■ Work to be completed:
What should come back is the data below, word for word, minus any picture.

■ Stored data:
▶
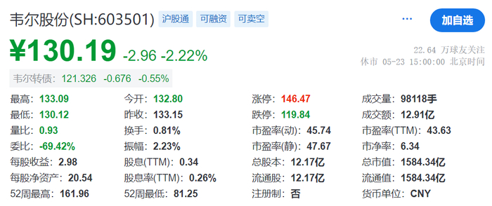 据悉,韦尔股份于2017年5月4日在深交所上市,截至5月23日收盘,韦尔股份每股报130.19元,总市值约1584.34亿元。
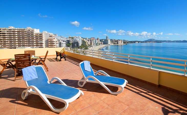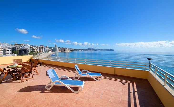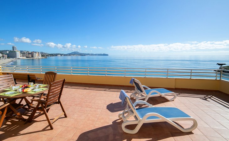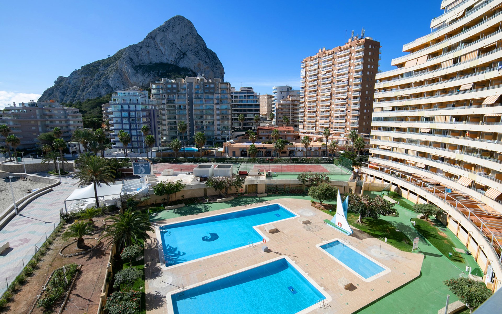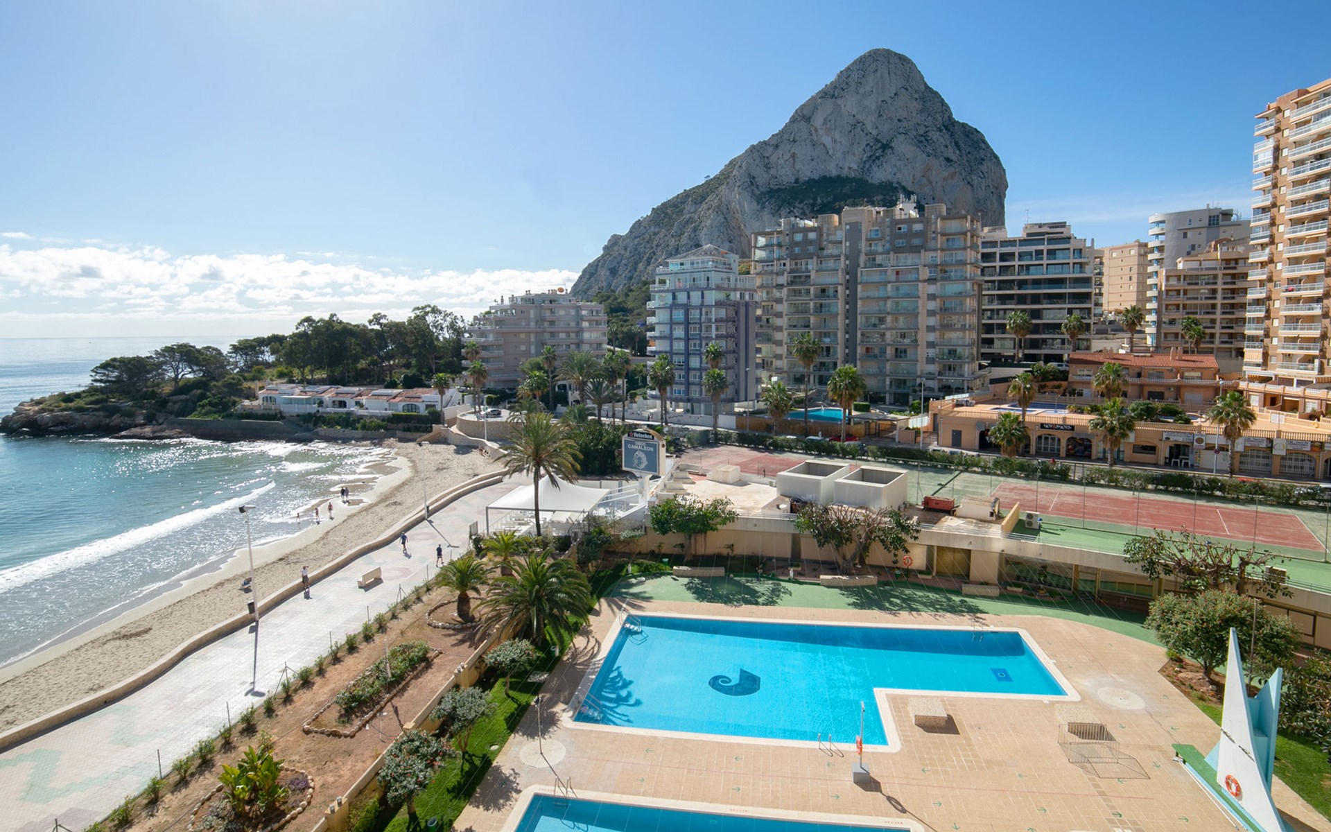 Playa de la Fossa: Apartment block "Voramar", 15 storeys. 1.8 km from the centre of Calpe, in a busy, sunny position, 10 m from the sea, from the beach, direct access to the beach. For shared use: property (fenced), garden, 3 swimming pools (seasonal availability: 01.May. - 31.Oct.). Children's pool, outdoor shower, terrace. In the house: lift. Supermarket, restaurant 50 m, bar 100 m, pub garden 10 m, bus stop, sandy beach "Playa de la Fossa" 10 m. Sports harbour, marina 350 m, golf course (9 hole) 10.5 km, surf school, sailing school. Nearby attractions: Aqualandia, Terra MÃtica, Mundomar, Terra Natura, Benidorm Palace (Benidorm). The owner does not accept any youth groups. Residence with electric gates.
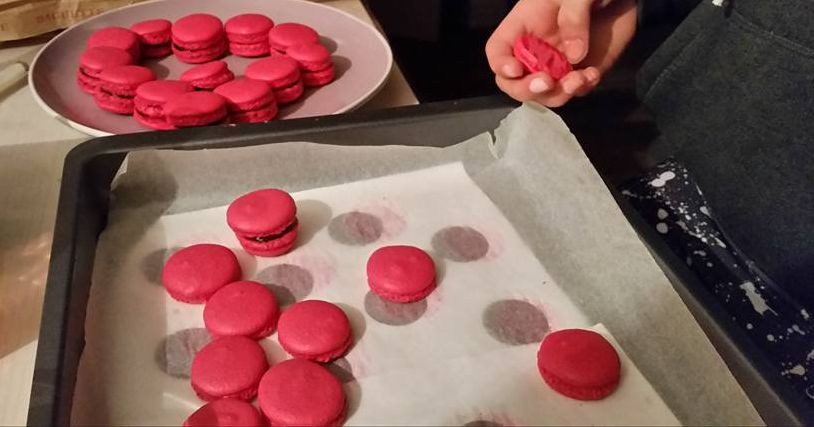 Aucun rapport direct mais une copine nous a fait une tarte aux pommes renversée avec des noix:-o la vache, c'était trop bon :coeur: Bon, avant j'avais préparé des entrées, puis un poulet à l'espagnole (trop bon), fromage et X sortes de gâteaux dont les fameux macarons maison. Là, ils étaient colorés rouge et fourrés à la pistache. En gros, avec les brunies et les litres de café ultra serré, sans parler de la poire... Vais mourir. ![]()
◀
■ Result of this task:
 据悉,韦尔股份于2017年5月4日在深交所上市,截至5月23日收盘,韦尔股份每股报130.19元,总市值约1584.34亿元。
 Playa de la Fossa: Apartment block "Voramar", 15 storeys. 1.8 km from the centre of Calpe, in a busy, sunny position, 10 m from the sea, from the beach, direct access to the beach. For shared use: property (fenced), garden, 3 swimming pools (seasonal availability: 01.May. - 31.Oct.). Children's pool, outdoor shower, terrace. In the house: lift. Supermarket, restaurant 50 m, bar 100 m, pub garden 10 m, bus stop, sandy beach "Playa de la Fossa" 10 m. Sports harbour, marina 350 m, golf course (9 hole) 10.5 km, surf school, sailing school. Nearby attractions: Aqualandia, Terra MÃtica, Mundomar, Terra Natura, Benidorm Palace (Benidorm). The owner does not accept any youth groups. Residence with electric gates.
 Aucun rapport direct mais une copine nous a fait une tarte aux pommes renversée avec des noix:-o la vache, c'était trop bon :coeur: Bon, avant j'avais préparé des entrées, puis un poulet à l'espagnole (trop bon), fromage et X sortes de gâteaux dont les fameux macarons maison. Là, ils étaient colorés rouge et fourrés à la pistache. En gros, avec les brunies et les litres de café ultra serré, sans parler de la poire... Vais mourir. ![]()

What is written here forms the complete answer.